Montenegro can turn global turmoil into economic opportunity, say analysts
Montenegro has a strong opportunity to take advantage of the global crisis and attract tourists, investments, and capital, according to economic analysts.
Tourism and the digital industry are seen as key comparative advantages, CE Report quotes FENA.
Projects in the field of green energy are also considered attractive. The country should promote its tax policies and introduce certain types of digital nomad visas, suggest Oleg Filipović, Vladimir Đukanović, and Predrag Zečević.
Montenegro is a small system whose advantage lies in its ability to quickly adapt, says economic analyst Oleg Filipović. The current global situation can primarily be leveraged in tourism. The season should be extended from 90 to at least 180 days, and off-season revenues should also be increased.
“We need to promote so-called luxury zones, as luxury destinations are currently under pressure. In our case, this includes Portonovi, Luštica Bay, and similar developments. There are significant migration flows, mainly due to war conditions, and we should make it easier for people with financial means to enter Montenegro. Another way is to attract so-called IT nomads again. We must come up with some form of tax incentives to facilitate their arrival,” Filipović told RTCG.
Due to Montenegro’s obligations in the context of EU accession negotiations to align its visa regime, citizens of Türkiye and Russia should be offered some form of nomad visas, Filipović proposes. Regarding the financial market, capital allocation is currently underway.
“One approach is to reduce taxes and increase direct investments, primarily in real estate. Another is to use a model similar to what Cyprus once applied—and still does to some extent—by becoming a kind of offshore center to attract capital,” Filipović said.
Tourism and the digital industry are also Montenegro’s comparative advantages, says economic analyst and former Wall Street broker Vladimir Đukanović. Compared to Spain and Portugal, Montenegro and Croatia lack sufficient four- and five-star hotels, which are crucial for development. Tax policies should also be promoted.
“Montenegro should follow Croatia’s example regarding capital gains tax and significantly shorten the period after which capital gains are no longer taxed. Croatia reduced this to two years, which allows it to attract a large number of investors. This is one of the key factors in today’s global financial world. Montenegro must also carefully consider its partnerships and secure energy supplies,” Đukanović said.
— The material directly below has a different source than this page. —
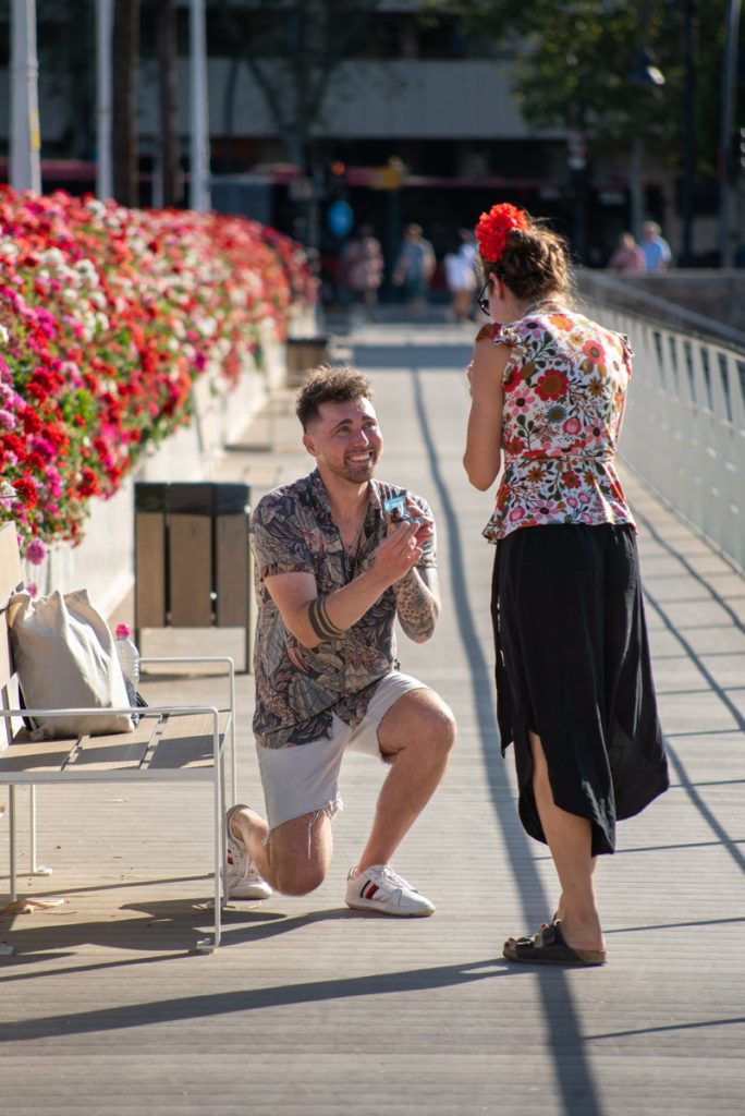 Originarios de Australia, Stephen y Maca han construido una relación sólida basada en su amor por los viajes y la aventura. Su pasión por descubrir nuevos destinos y sumergirse en diferentes culturas ha fortalecido su vínculo, creando una base de experiencias compartidas y recuerdos inolvidables. Decidido a sorprender a Maca de una manera que reflejara su amor por la exploración y la belleza, Stephen planificó una Pedida de Mano en Valencia que combinaría la espontaneidad con la elegancia de los Jardines del Turia.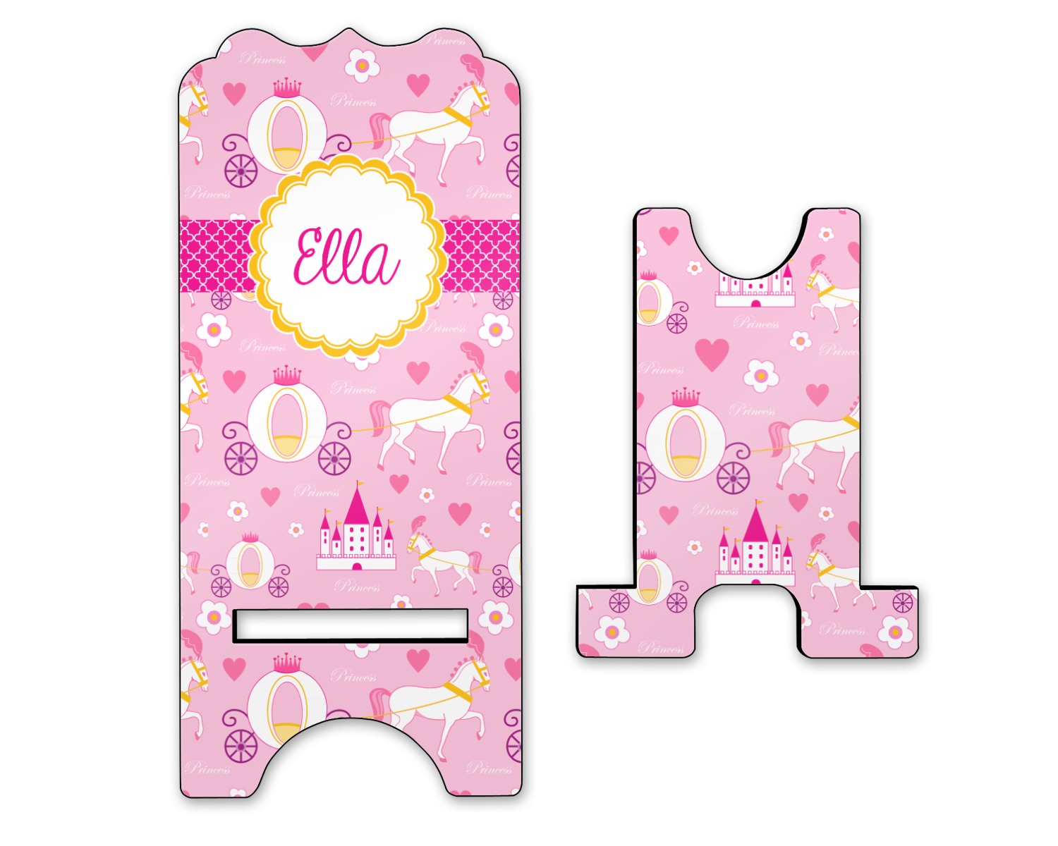 The center piece of the design is a yellow scalloped label, the perfect place for the name of a princess.

Montenegro has strong potential in the energy sector, Filipović adds.
“We have both wind and solar resources. If we secure investments through available funds and sell that energy primarily to the European Union, especially given ongoing government-to-government negotiations with the United States focused on energy, this could be highly beneficial. However, we must wait and see how these agreements develop,” he said.
The global economic crisis presents a major opportunity for Montenegro, according to analyst Predrag Zečević. The country has already begun attracting foreign investment through G2G agreements with the United Arab Emirates and is in final negotiations with France and the United States. These agreements should be given strong support while respecting European Commission recommendations, Zečević says.
“Over the past 15 years, G2G agreements have proven to be the most effective way to attract capital from targeted countries. As we’ve seen, they do not always proceed smoothly in parliament or constitutional courts. I believe they should be carried through, as they are an excellent tool for attracting desirable investments, particularly from Western countries. Major projects such as the Peru World Games complex and the Northern pipeline, carried out by Norway, the UK, and Baltic states, were completed without corruption. Montenegro did not invent G2G agreements—this concept originates from the European Commission,” he said.
Intergovernmental agreements should be carefully reviewed to assess their benefits, Filipović adds, while also raising concerns about the future of domestic companies.
“It is easy to sell what already generates capital. We should focus on developing sectors that currently do not generate sufficient revenue. How will we address employment issues, especially with ongoing labor migration? I would prioritize identifying and attracting companies that are essential across different sectors for Montenegro,” Filipović said.
Interest rates are already rising due to the global political situation, which may persist, and Montenegro should refinance its obligations as soon as possible, he added.
“In that direction, we should aim to attract companies and funds that operate seriously and make substantial investments, such as certain funds from the United States. I would prioritize them over European funds—not only investment funds but also hedge funds,” Filipović said.
The analysts have differing views on resistance to large investments at the local level. In some cases, local communities are justified, while in others they are not.
“Some believe that having over 100,000 beds is sufficient and are reluctant to accept new investors, even though projects like Alabar’s investment could significantly transform Ulcinj. In some cases, such as small hydropower plants or solar projects, local communities received virtually no benefits, while profits went to the wealthiest segments of society and their associates,” Zečević said.
“Anyone who comes to Montenegro, lives there, spends money, and even contributes just one euro in taxes should be welcomed enthusiastically,” Đukanović emphasized.
“Citizens, especially those with direct interests, are very aware, as this primarily concerns their property. It is necessary to ensure a reliable legal system for investors and work on reducing existing bureaucracy,” Filipović concluded.